A Deep Dive into the Wav2Vec2 Application on Turkish Broadcasts: Changing the Landscape of Audio Classification

All the details of our research on Classification of Turkish Broadcast News and Advertising Jingles with Wav2Vec2

Ferhat Demirkiran
Kodiks
10 min readNov 8, 2023

--

We all know that if we hear the familiar sounds of a jingle on TV, we can often tell if it’s for the news or a commercial without even looking. For instance, if you hear a particular tune, you might recognize it as the lead-in to a news broadcast, while a different tune might signal the start of a commercial break.
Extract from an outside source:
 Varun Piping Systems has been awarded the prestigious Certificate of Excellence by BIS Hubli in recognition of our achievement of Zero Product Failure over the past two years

To illustrate, imagine the following scenario:

You are at home, working in your kitchen with the television playing in the background. You’re focused on your task, not actively watching the screen. Suddenly, a sequence of bold, structured notes cuts through the noise, it’s the jingle that signals the evening news. Without a glance, you know it’s 7 p.m., the time for the daily news round-up. The consistency and timing of the jingle, which you’ve come to recognize over time, inform you of this without any visual cue. To give you a better understanding, I will play two examples of news jingles.

Jingle — News
Jingle — News 2
News Jingle

Later, as you’re chopping vegetables, the room fills with a lively melody that’s different from before; it’s playful and rhythmic. You don’t need to look up to know that the news segment has ended and the commercial break has begun. For a clearer illustration, listen to these two examples of commercial break jingles.

Jingle — Commercial
Jingle — Commercial 2
TV — Commercial Jingle, Food Jingle, Sponsorship, Smart Signs

Drawing from this understanding, it’s reasonable to propose that if humans can discern between news and advertisement jingles, so too could artificial intelligence (AI). The key lies in identifying and extracting the distinctive features that characterize those types of jingles.
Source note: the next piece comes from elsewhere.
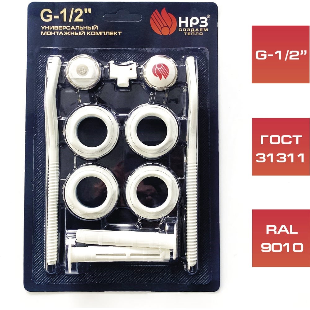 Универсальный монтажный комплект НРЗ для подключения радиатора. Предназначен для проведения монтажа алюминиевых и биметаллических батарей секционного типа.Монтажный набор НРЗ позволяет обеспечить подключение радиатора к трубопроводу - выполнить переход с выхода батареи диаметром 1 дюйм на трубу диаметром 1/2 дюйма.Резьбы выполнены по ГОСТ, класс точности “В”.Износостойкое лакокрасочное покрытие переходников RAL9010.Изоляционные материалы комплекта устойчивы к воздействию агрессивной среды.Использование такого оборудования дает возможность быстро и надежно подключать отопительный прибор к магистралям трубопровода.Соответствует требованиям ГОСТ 31311.
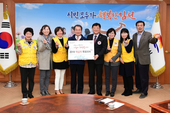 | 김충섭 김천시장은 15일 대한적십자사 경북지사에 2019년도 특별회비 100만원을 전달했다.

Now, one might wonder why such differentiation is crucial. From a media perspective, the ability to distinguish these audio signals is essential for efficient media management and the improvement of user experiences. Television broadcasts today offer a wide spectrum of content, from news and commercials to series and movies. The extraction of Electronic Program Guide (EPG) data plays a vital role, as it helps classify programs by genre, title, and airing times. This not only makes it easier for viewers to locate their shows of interest but also enhances the way broadcasters manage, archive, and organize their programming.

Artificial Intelligence (AI) can manage to distinguish those jingles by analyzing audio signals. This is done through feature extraction, where traditional machine learning algorithms process the unique characteristics of audio data.

Here’s how it works:

  • Feature Extraction: Audio processing techniques can be leveraged to extract features from the broadcast’s audio track.
  • Pattern Recognition: These features are then used to identify patterns. For example, news jingles may have a certain pattern of tones and speech, while commercial break jingles might feature varied pitch and music patterns.
  • Machine Learning Models: The extracted features are fed into machine learning models, which have been trained on labeled data to recognize and categorize different audio signatures.

Dataset

The study utilizes a dataset comprising samples of commercial break jingles and lead-in news jingles collected from 57 varied television channels in Turkey. The overall dataset includes audio signals of 72 commercial break jingles and 110 news jingles, varying in length. The sample rate of each audio file is set to 16000 Hz.

The distribution of audio lengths for a collection of advertisement and news jingles is given below:

  • X-axis Label: Length of Audio (Seconds)
  • Y-axis Label: Total Count
Distribution of the audio file lengths.

From this histogram, we observe that a majority of the audio samples are under 10 seconds in length, with the frequency gradually decreasing as the length of the audio increases.

DATA AUGMENTATION

Data augmentation plays a vital role in enhancing machine learning and deep learning models. It bolsters the dataset used for training by generating new examples through various alterations, which is essential when dealing with a limited quantity of data.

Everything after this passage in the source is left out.